In this paper, we study how stress affects risk taking in three tasks: individual lotteries, Stag Hunt (coordination) games, and Hawk-Dove (anti-coordination) games. Both control and stressed subjects take more risks in all three tasks when the value of the safe option is decreased and in lotteries when the expected gain is increased. Also, subjects take longer to take decisions when stakes are high, when the safe option is less attractive and in the conceptually more difficult Hawk-Dove game. Stress (weakly) increases reaction times in those cases. Finally, our main result is that the behavior of stressed subjects in lotteries, Stag Hunt and Hawk-Dove are all highly predictive of each other (p-value < 0.001 for all three pairwise correlations). Such strong relationship is not present in our control group. Our results illustrate a “contextual blindness” caused by stress. The mathematical and behavioral tensions of Stag Hunt and Hawk-Dove games are axiomatically different, and we should expect different behavior across these games, and also with respect to the individual task.
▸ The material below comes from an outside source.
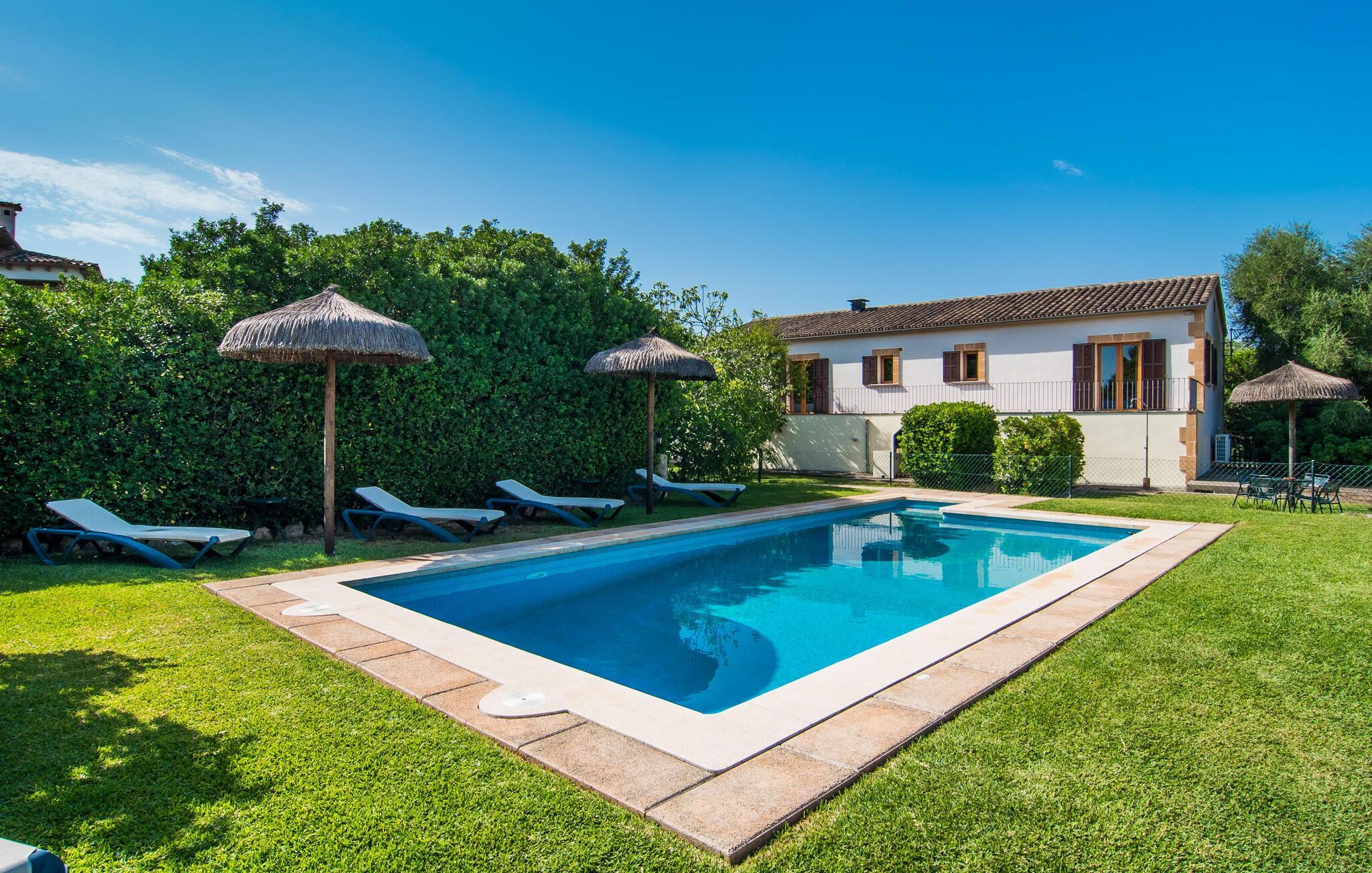 Charmerende tradition og moderne komfort - denne ejendom tilbyder en unik blanding af begge dele, hvilket sikrer en følelse af velvære kombineret med en ø-atmosfære. Drej blot til venstre ind i indkørslen lige før rundkørslen syd for Can Picafort, og du finder huset med dets indbydende og smukke receptionsområde, der vil pirre din nysgerrighed til at gå på opdagelse yderligere. Det er i et landligt, tyndt befolket område og bogstaveligt talt få minutter fra stranden. Men hvis du ønsker at blive hjemme på en varm dag, vil poolen på 9 m ved siden af huset være en skøn forfriskning. Det er flisebelagt med blå mosaikfliser, adgang til via trin og fald til en behagelig dybde på 2 m. Det er også sikkert indhegnet for dine børns sikkerhed. Det omkringliggende område er skyggefuldt af cypresser og nogle gamle figentræer, hvilket skaber en hyggelig udendørs atmosfære, mens plænen byder på masser af plads til at ligge i solen eller lade børnene lege. Huset har en overdækket og en åben terrasse. Den åbne terrasse vender ud mod poolen, den overdækkede terrasse tilbyder det perfekte sted for måltider sammen eller blot en drink på ethvert tidspunkt af dagen. Der er også en muret grill til rådighed på ejendommen; Besøger du et af de omkringliggende markeder i løbet af dagen, kan du forsyne dig med friske regionale specialiteter, som du senere kan nyde i din egen have. De venlige ejere bor ved siden af villaen på samme ejendom, men har deres egen indkørsel, så du kan nyde dit privatliv og have en kontaktperson i nærheden, hvis du har spørgsmål eller bekymringer. Et lyst interiør, præget af varme og harmoniske farver, sikrer en øjeblikkelig følelse af velvære; Du vil flytte ind med det samme og føle dig hjemme! Middelhavet klinkegulve og synlige bjælker og adobe lofter giver en original og traditionel baggrund til dette moderne, smagfulde og sofistikerede interiør. Den rummelige stue/spisestue er indrettet med komfortable lænestole og et stort spisebord til smagfuld indendørs spisning. En brændeovn giver ekstra komfort, hvis det kræves; Stereoanlæg, TV og DVD-afspiller er til rådighed, samt WLAN internetforbindelse til en bred vifte af medieunderholdning. Ved siden af opholdsstuen er det højkvalitets, fuldt udstyrede moderne køkken, hvor du finder alt hvad du behøver for en selvstændig ferie med selvforplejning, inklusive en Nespresso og filterkaffemaskine til din varme drik tidligt om morgenen på terrassen. Tre soveværelser med aircondition, indrettet i en individuel og slående stil, danner rammen om afslappende nætter. et badeværelse med bruser og et med badekar og bidet fuldender billedet. Den gamle havn i Can Picafort ligger i centrum af Alcúdia-bugten og har en imponerende 17 km lang strand og ligger kun to minutters kørsel fra villaen. Her finder du barer og restauranter samt et pulserende natteliv i de lokale natklubber. Villaen er bekvemt placeret tæt på landevejen, der fører direkte ind til byen, hvilket gør transportforbindelser særligt bekvemme og maleriske steder længere inde i landet på øen nemme at nå. At rejse i forskellige retninger vil hurtigt tage dig til andre strande såsom Playa de Muro eller Son Baulo. Velkommen til villaen "Can Polito", bygget i den typiske ø-stil, på kanten af Can Picafort i den nordlige del af øen. Det, der er særligt positivt ved dette feriehus, er den unikke beliggenhed - nærheden til nogle attraktive strande og de varierede fritidsaktiviteter i selve byen Du vil elske både freden og roen udenfor byen og fordelen ved et varieret tilbud ikke langt fra din hoveddør. Dette er et Fincallorca feriehus.

A possible explanation for the highly significant connection across tasks in the stress condition is that stressed subjects habitually rely on one mechanism to make a decision in all contexts whereas unstressed subjects utilize a more cognitively flexible approach.

Highlights

  • How does stress influence human behavior? While a significant amount of the work in this direction connects chronic stress with poor health outcomes, stress has been shown to influence decision-making

  • Note that the timing of the end sample was different across sessions and we represent the average number of minutes in each treatment

  • The control and stress groups start with statistically indifferent levels of average cortisol (2.42 vs. 2.75; two-sided Welch t-test, p-value = 0.133)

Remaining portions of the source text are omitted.